Не будем в этот момент развивать нашу доктрину безумия. Ведь этот эсхатологический экскурс здесь лишь для того, чтобы обозначить разрыв, разделяющий эти два отношения субъекта к знанию - фрейдистское и гегелевское.

И показать, что нет более прочного корня, чем те способы, которые отличают диалектику от желания.

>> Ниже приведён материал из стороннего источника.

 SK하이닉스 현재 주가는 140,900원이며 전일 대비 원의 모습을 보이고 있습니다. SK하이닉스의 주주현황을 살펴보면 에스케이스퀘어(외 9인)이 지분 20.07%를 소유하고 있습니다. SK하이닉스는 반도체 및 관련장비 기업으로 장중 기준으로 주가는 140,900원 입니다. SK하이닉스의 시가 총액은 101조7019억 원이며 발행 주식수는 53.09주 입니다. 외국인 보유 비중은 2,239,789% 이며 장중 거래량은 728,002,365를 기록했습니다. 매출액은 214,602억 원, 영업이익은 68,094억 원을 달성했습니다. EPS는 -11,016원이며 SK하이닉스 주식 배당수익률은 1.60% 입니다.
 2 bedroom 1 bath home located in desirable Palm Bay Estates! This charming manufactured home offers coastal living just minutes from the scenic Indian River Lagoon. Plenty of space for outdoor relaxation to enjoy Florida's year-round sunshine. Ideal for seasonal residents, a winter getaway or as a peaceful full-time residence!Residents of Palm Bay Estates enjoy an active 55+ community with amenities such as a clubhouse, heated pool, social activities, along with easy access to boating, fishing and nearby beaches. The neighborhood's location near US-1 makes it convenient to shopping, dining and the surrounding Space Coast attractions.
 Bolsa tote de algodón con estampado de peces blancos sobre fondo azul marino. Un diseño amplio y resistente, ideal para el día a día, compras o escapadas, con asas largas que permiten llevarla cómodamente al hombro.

Ведь у Гегеля именно на желание (Begierde) возлагается ответственность за ту минимальную связь с древним знанием (connaissance), которую должен сохранять субъект, чтобы истина была имманентна реализации знания (savoir). Гегелевская "хитрость разума" означает, что от начала и до конца субъект знает, чего он хочет.

Именно здесь Фрейд вновь открывает стык между истиной и знанием для мобильности, из которой рождаются революции.

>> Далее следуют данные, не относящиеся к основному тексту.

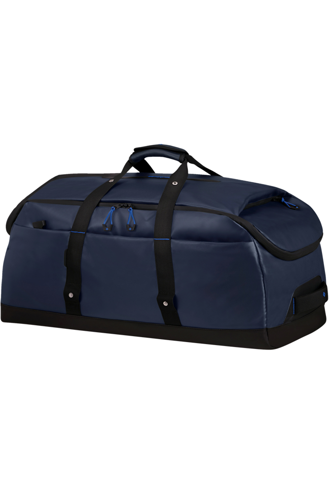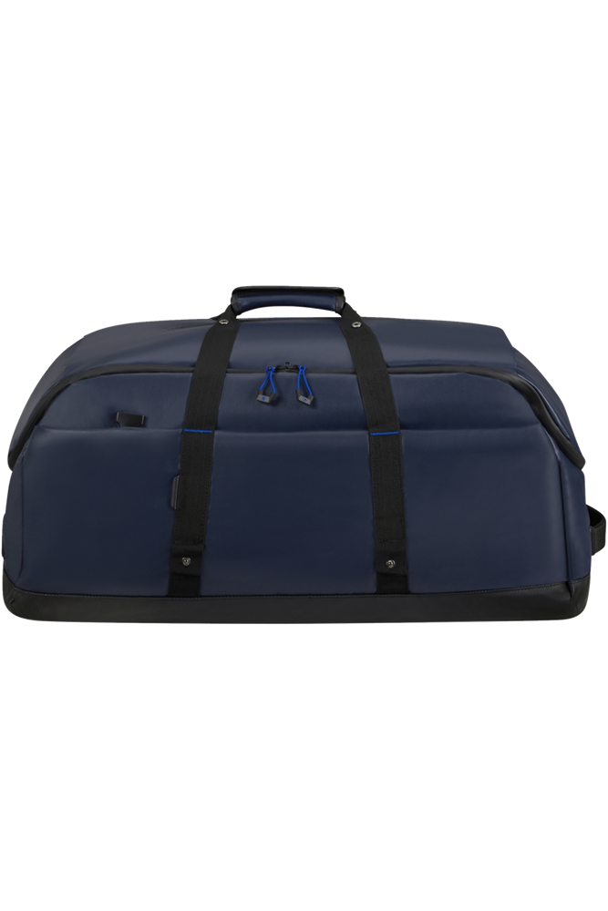 De Duffle L is de grootste reistas in de collectie die ook als rugzak gedragen kan worden. Het ruime hoofdvak is voorzien van diverse ritsvakken zodat je spullen apart kunt opbergen en inpakriemen zodat kleding netjes op zijn plek blijft liggen tijdens je reis. De ritsen van het hoofdvak zijn waterafstotend zodat je spullen in alle weersomstandigheden droog blijven. Bovenop het deksel van het hoofdvak heeft de tas een vak met ritssluiting om kleinere spullen altijd binnen handbereik te houden.
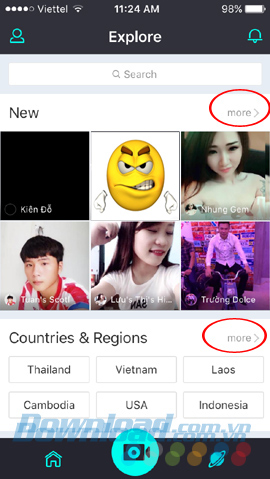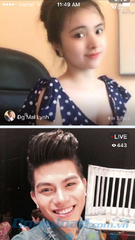 Quay trở lại giao diện chính (biểu tượng Home) chúng ta có thể tùy ý chọn một video bất kỳ để xem. Ở góc bên phải, phía trên video đó là tình trạng video (còn Live hay không và số lượng người đang theo dõi).
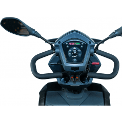 Сиденье вращается, оснащено анатомической спинкой, регулируемой по углу наклона, и съёмным подголовником. Подлокотники откидываются и фиксируются в нужном положении. Рулевая колонка регулируется по наклону, а также оснащена встроенными держателями для бутылок. Эти настройки позволяют точно подстроить скутер под индивидуальные потребности пользователя.
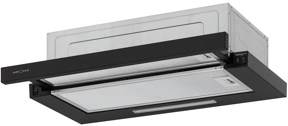 Встраиваемая вытяжка — выбор тех, кто хочет максимально задекорировать технику, или владельцев маленькой кухни. Тип встраивания: в шкаф. Обратите внимание на цветовые сочетания модели KRONA KERRY 600 BLACK PB V2, чтобы органично вписать ее в свою квартиру. Оттенок корпуса: черный. Благодаря лампочкам, которые расположены на нем, можно освещать плиту и столешницу рядом, чтобы готовить было еще проще и приятнее. Фишка этой техники — выдвижная панель.
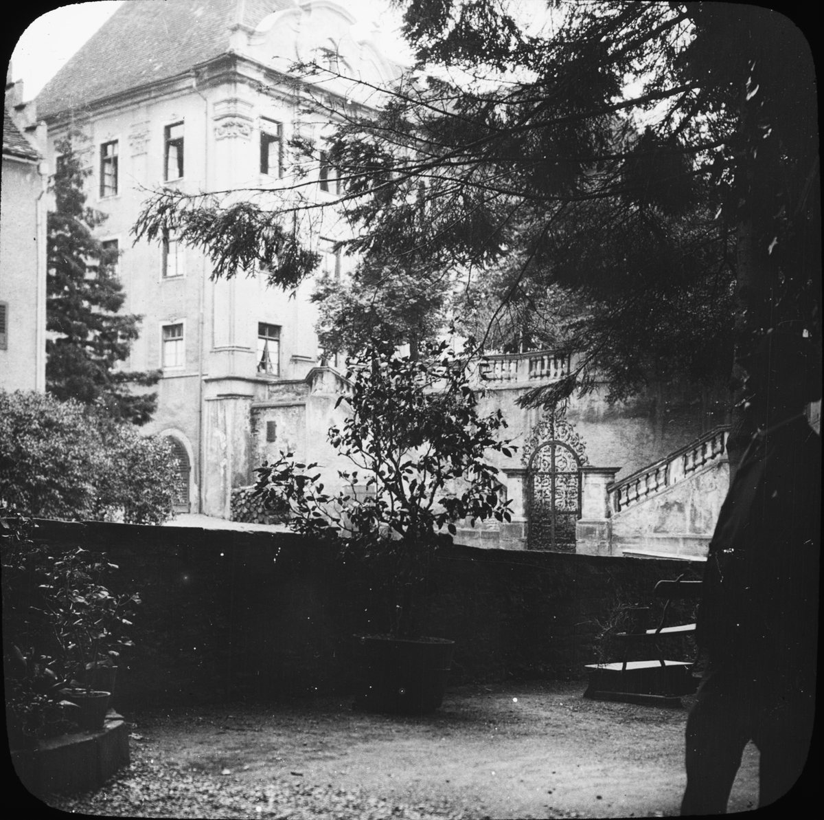 Skioptikonbild med motiv från Meersburg, möjligen Neues Schloss.
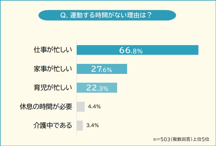 「運動する時間がない理由」を聞いたところ、圧倒的1位は「仕事が忙しい(66.8%)」で全体の7割近くを占めました。2位「家事が忙しい(27.6%)」、3位「育児が忙しい(22.3%)」も多くの票を集めています。

В этом отношении: что желание становится связанным с желанием Другого, но что в этой петле лежит желание знать.

Биологизм Фрейда не имеет ничего общего с морализаторским отвращением, доносящимся с психоаналитической кухни.

И чтобы понять истинный тон биологии Фрейда, нужно заставить его жить инстинктом смерти, который там считается таким отвратительным. Ибо игнорировать инстинкт смерти в его доктрине - значит совершенно неправильно понять эту доктрину.

Исходя из указанного нами подхода, читатель должен распознать в метафоре возвращения к неживому (которую Фрейд относит к любому живому телу) тот предел вне жизни, который язык дает человеку в силу того, что он говорит, и который как раз и заключается в том, что такое существо ставит в позицию сигнификатора не только те части своего тела, которые подлежат обмену, но и само это тело. Таким образом, становится очевидным, что отношение объекта к телу никоим образом не определяется как частичная идентификация, которая должна быть тотализирована в таком отношении, поскольку, напротив, этот объект является прототипом значимости тела как того, что для бытия поставлено на карту.

В этот момент я принимаю вызов, который бросают мне, когда то, что Фрейд называетTrieb, переводят как "инстинкт". Слово "драйв", казалось бы, вполне подходит для перевода этого немецкого слова на английский, но в стандартном издании его избегают. По-французски я бы в последнюю очередь использовал "dérive", если бы не смог придать ублюдочному термину "pulsion" необходимую силу.

И поэтому мы настаиваем на том, чтобы инстинкт, независимо от того, обоснован он или нет биологическими наблюдениями, занял место среди способов познания (connaissance), требуемых природой для живого существа, чтобы оно могло удовлетворять свои потребности. Тогда инстинкт определяется как знание (connaissance), обладающее удивительным свойством не быть знанием (un savoir). Но у Фрейда речь идет о чем-то совершенно ином, что, безусловно, является знанием, но таким, которое не предполагает ни малейшего знания, поскольку оно записано в дискурсе, о котором, подобно "рабу-посланнику" из древнего обихода, субъект, носящий под волосами кодицил, приговаривающий его к смерти, не знает ни смысла, ни текста, ни того, на каком языке он написан, ни даже того, что он был намалеван на его бритом скальпе, когда он спал.